We wanted to find an application of the PoC data that both assisted individual PoCs and advanced ABInBev's operations across the board. While exploring the data, we realized that we could measure volume consumed off both the draught and the bottle sales. This lead us on our quest to understand the beer vertical and horizontal markets through the lens of consumption data.
What it does
FtN predicts the sales of ABInBev products based on factors such as location, type of venue, demographics, weather conditions, day of week, and day of yea. With FtN, ABInBev sales representatives stay proactive when advertising to PoCs. Currently, FtN predicts consumption of Budweiser Draught, Stella Draught, Bud Light Draught, Labatt 50 Draught, Budweiser Bottle, and Bud Light bottle.
How we built it
We created a Neural Network using unsupervised learning and semi-supervised feature selection. First, we cleaned and filtered the data in MySQL and reorganized it to identify potential predictors of consumption. Each potential factor was analyzed for statistical significance. The predictive power of the type of establishment was tested through a Chi-Squared Goodness of Fit Test. The day of the week and the weather were tested through Pearson Correlation Coefficient. Other variables like the quality of the lines and the amount of non-beer items sold were tested but did not show a relationship or predictive strength.
Once the factors were narrowed down, we took the 4 months of consumption data and divided them into 3 months of training data and 1 month of testing data. The resulting Neural Network was able to predict the consumption of the ABInBev products w/ over 70% accuracy.
Challenges we ran into
The PoS records was broken into four files, so we had to create a master PoS file w/ over 3 million records. This made analysis of consumption computationally expensive when relating data across the various data sources.
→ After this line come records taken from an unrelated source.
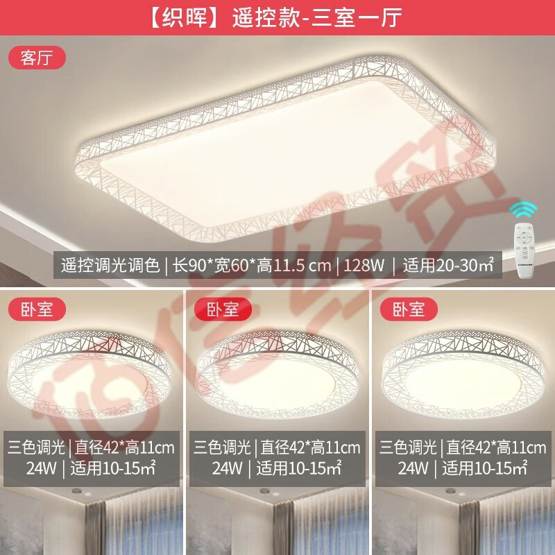 康佳(KONKA)客廳LED吸頂燈臥室書房燈簡(jiǎn)約中式風(fēng)鳥巢燈具全屋套餐 織暉 【織暉】三室一廳 自營(yíng)
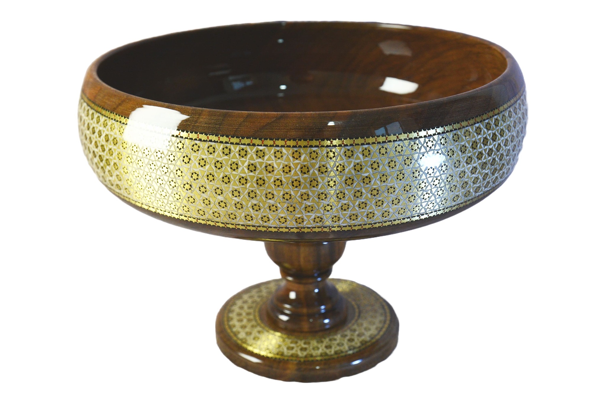 Diese exquisite Obst- und Pralinenschale aus dunklem Holz vereint traditionelle Khatam-Handwerkskunst mit zeitgenössischer Eleganz. Mit einem Durchmesser von 25 cm und einer Gesamthöhe von 15 cm bietet sie großzügigen Platz für Ihre Leckereien. Das Highlight ist die meisterhaft gearbeitete Khatam-Intarsie, die sich in einem faszinierenden geometrischen Muster um die Schale und den Standfuß zieht. Die hochwertige Polyester-Schutzschicht verleiht der Oberfläche einen edlen Glanz und schützt das kunstvolle Design. Die Schale mit 7 cm Tiefe eignet sich perfekt für die Präsentation von Obst, Pralinen oder Snacks. Jedes Stück ist ein handgefertigtes Unikat und verleiht Ihrem Zuhause eine besondere orientalische Note. Der gedrechselte Standfuß sorgt für einen eleganten und stabilen Stand auf jedem Tisch oder Sideboard. Die Kombination aus traditioneller Handwerkskunst und praktischer Funktionalität macht diese Schale zu einem außergewöhnlichen Schmuckstück für Ihr Zuhause.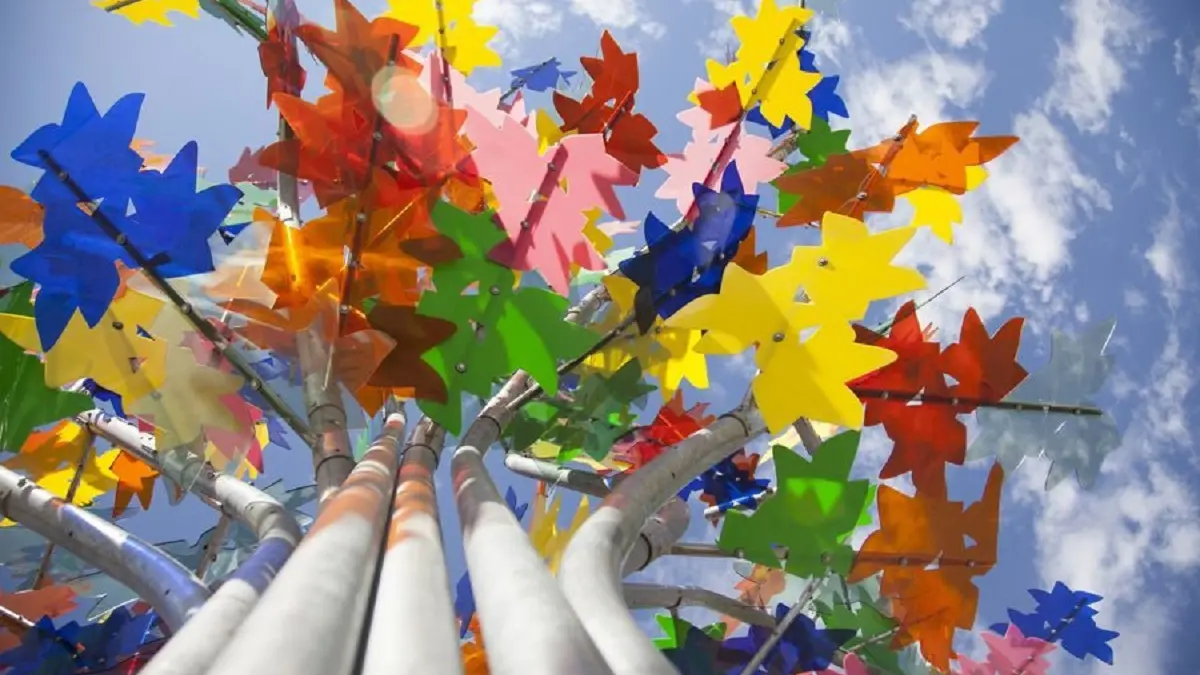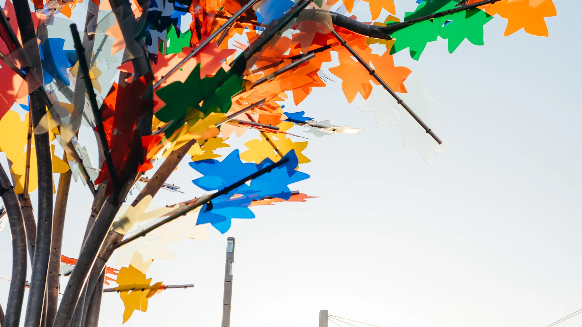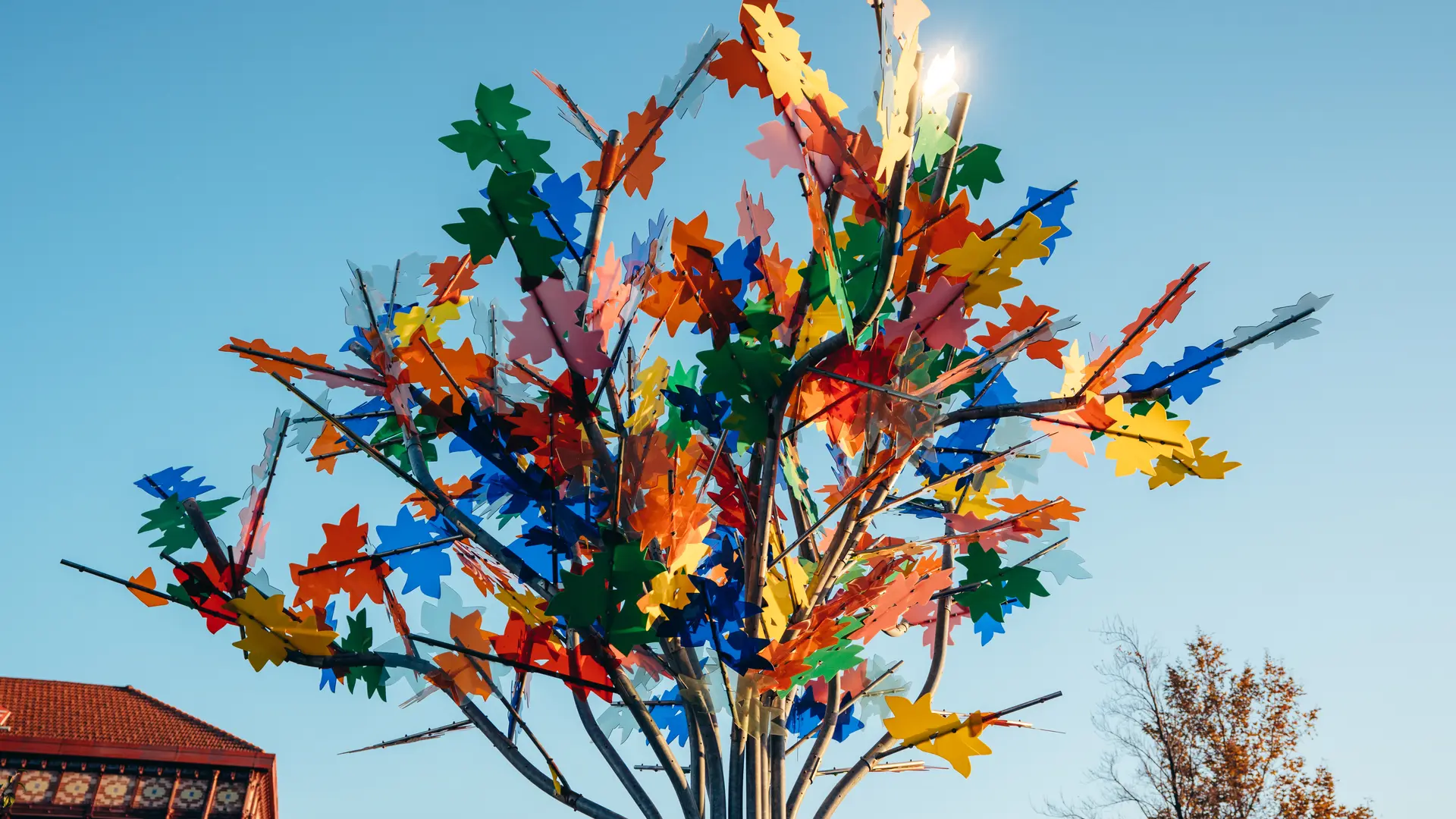 Only the artist knows what kind of tree this is: is it a maple, is it a plane tree...? What is certain is that it's timeless, and playful, with its foliage of blues, reds, yellows and greens.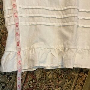 From the site: The original pillowcase pants were in fact made of old pillowcases! These, modeled after the first, are sewn out of a densely woven and slightly textured organic cotton, giving the feel of an antique pillowcase but the wear of a modern rough and tumble fabric. We love these pants as a layer with denim, or under a frilly dress, or on their own. Another truly seasonless pant that will for sure become a staple in your wardrobe. Elastic waist, cropped fit.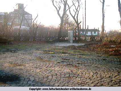 Der Standort heute (mittig dieses Bildes stand die Zelle, die Fundamentplatte ist in Resten noch erhalten), die Straße wird saniert, der Fuß- und Radweg verbreitert...
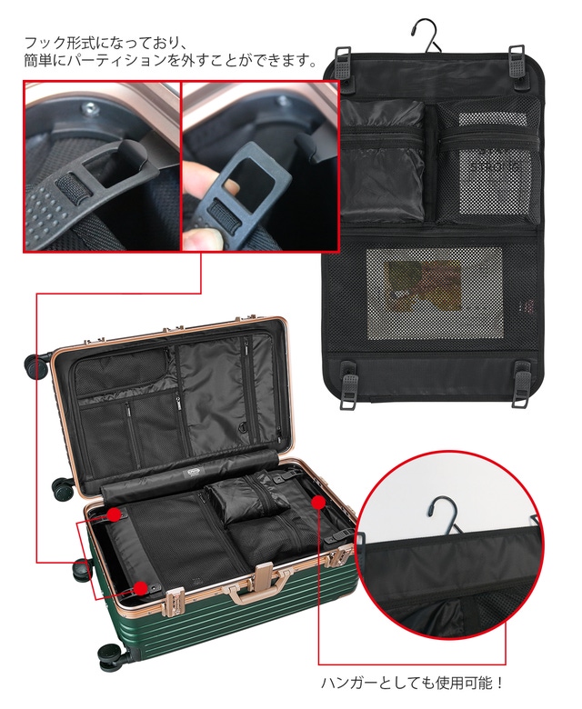 右側の収納スペースのパーティションは取り外し可能で、シャワー用のポーチやハンガーとしても使用できます。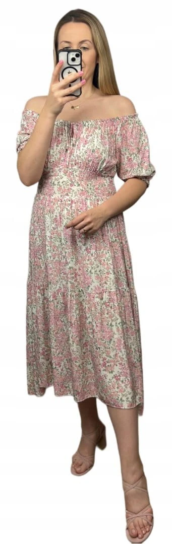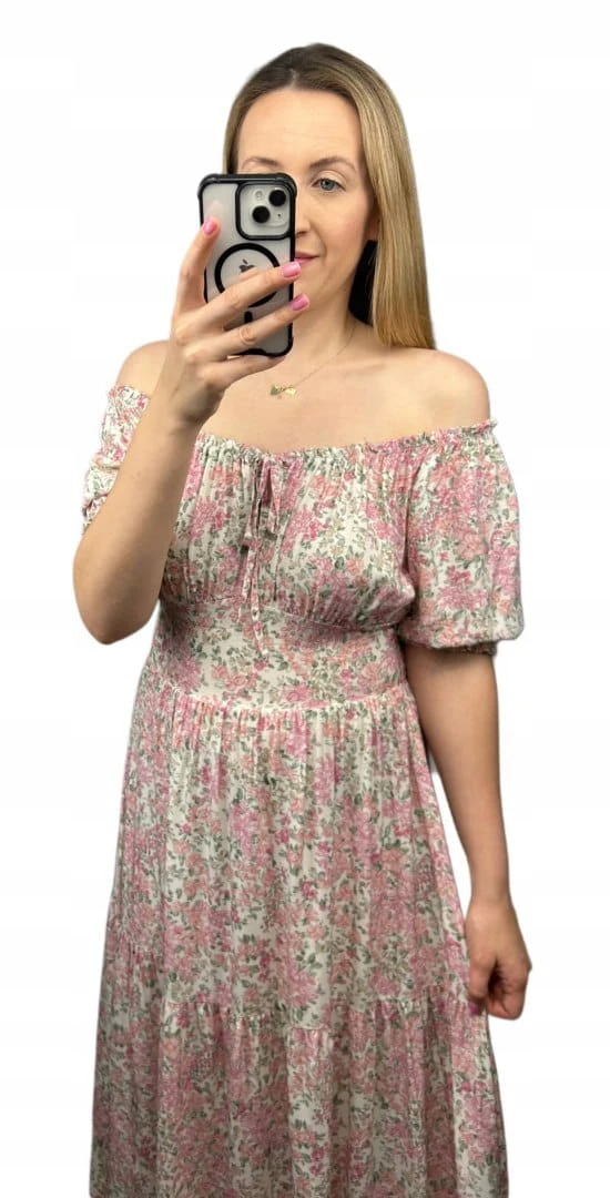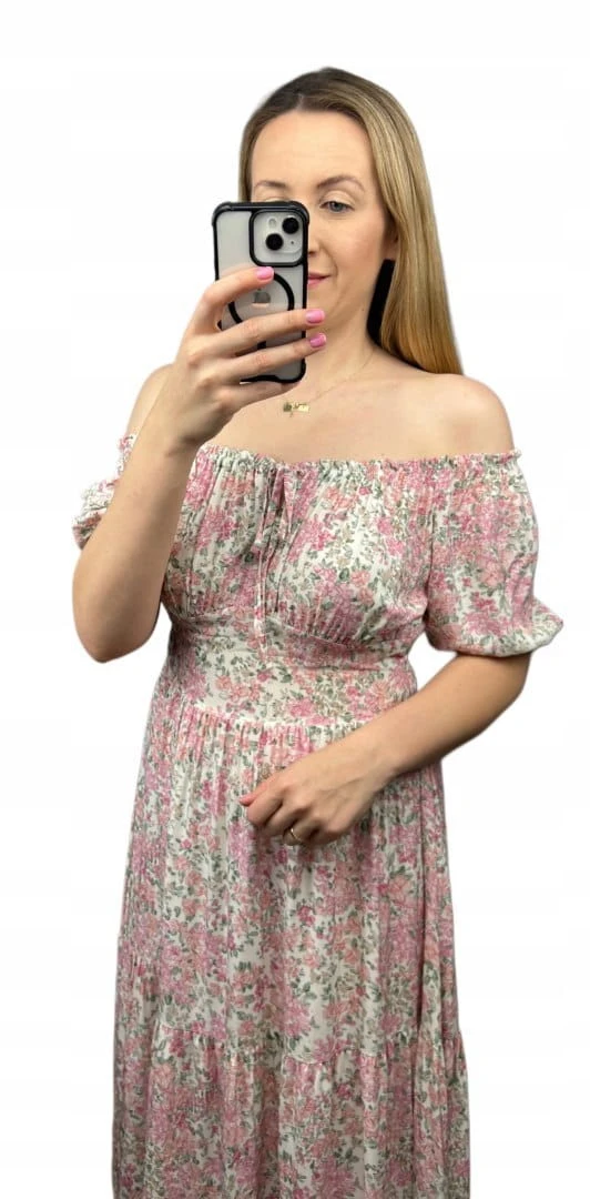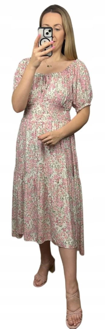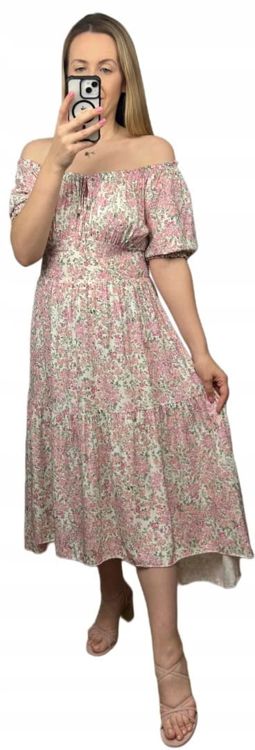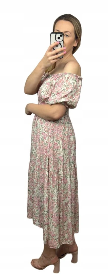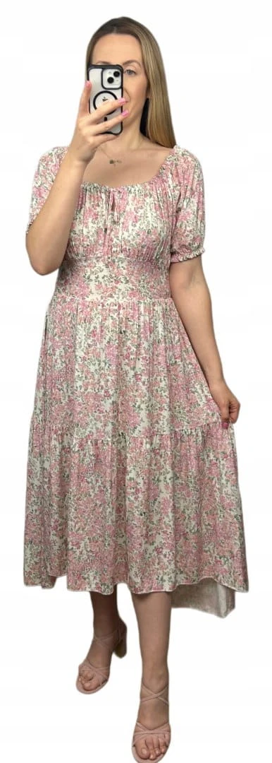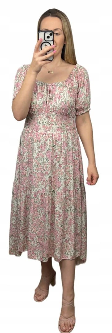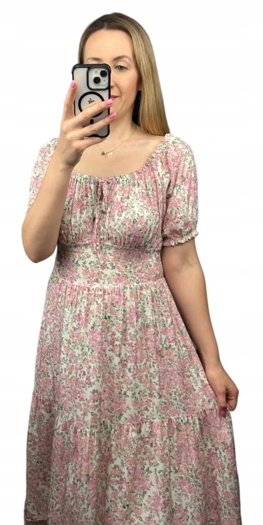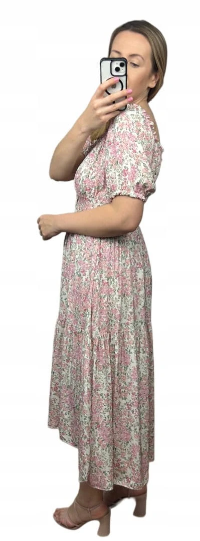 Sukienka hiszpanka w kwiaty asymetryczna midi dłuższa różowa jasny beż

When analyzing the type of PoC data for statisical significance, one challenge was overcoming the different sample sizes of PoC types. There were over 40 Bar/Pubs but only 1 Adult PoC. Creating expected values for the consumption of PoC types with small sample sizes required a bit of out of the box thinking -- utilizing a Chi-Square test but with weighted expected values based on proportion of sample size instead of the product of averages.
Accomplishments that we're proud of
The sheer effort and technical work done to analyze variables and test potential factors for statistical significance in a semi-supervised feature selection process paid off when we found over 70% accuracy for our Neural Network despite the limited number of data points.
What we learned
We learned how to distribute tasks among team members to emphasize our strengths and cover for our weaknesses. We came in as a team with a wide set of skills between Database Administrators, a Statistician, and Computer Scientists. It was confusing at first but we were able to make a supply chain to efficiently accomplish tasks.
What's next for Flop the Nuts
FtN can grow in two primary ways. First, additional data points can be gathered and this will increase the accuracy of the Neural Network. Second, additional analysis of potential factors can be performed. Additional PoCs could be added to the sample to allow for better testing of statistical significance. A suggested beer purchase for PoC from distributors can be generated off the FtN predictive model.